Historical hospital in Massachusetts

Northampton State Hospital was a historic psychiatric hospital at 1 Prince Street on top of Hospital Hill outside of Northampton, Massachusetts. The hospital building was constructed in 1856. It operated until 1993, and the building was added to the National Register of Historic Places in 1994.

==History==
Construction of the State Hospital at Northampton, the third state institution for the insane in the state of Massachusetts began on March 15, 1856, on top of Hospital Hill outside of Northampton, Massachusetts. The hospital was originally known as the Northampton Lunatic Asylum.

On July 4 (United States Independence Day) of the same year the cornerstone was laid. For posterity, a time capsule was embedded within the cornerstone, where it would lie undisturbed on top of Hospital Hill for 150 years. The hospital consisted of Old Main (the original Kirkbride hospital building), and infirmaries, staff dormitories, a work farm, and other buildings including a brand new memorial complex which was established later.

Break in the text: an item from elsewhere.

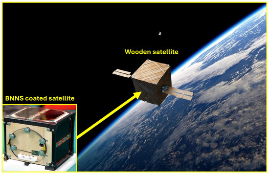 Prospective application of binder-free BNNS coatings for wooden satellite.

The asylum received its first patients on August 16, 1858. Within six weeks, the population would reach 220, most of whom were transfers from other institutions long overwhelmed. The original design specified a maximum of 200 patients, but this limit was raised to 250 by the statewide hospital Commissioners before the asylum opened. After only two months the Board of Trustees speculated that the limit could be raised to 300 patients. As the patient population accelerated, the wards of Old Main were built onto so much that its original design looked nothing like its new shape. Soon, the population grew so much that several new infirmaries had to be built to sustain the patients.

The first superintendent, Dr. William Henry Prince, resigned in 1864, and Dr. Pliny Earle was selected as his replacement. Dr. Earle immediately began to cultivate a strong work therapy program by expanding the farm, constructing a greenhouse as well as other service-oriented buildings. When he retired in 1885, Dr. Earle was given an apartment within the asylum out of gratitude for his twenty-one years of service. The population had reached 476 patients.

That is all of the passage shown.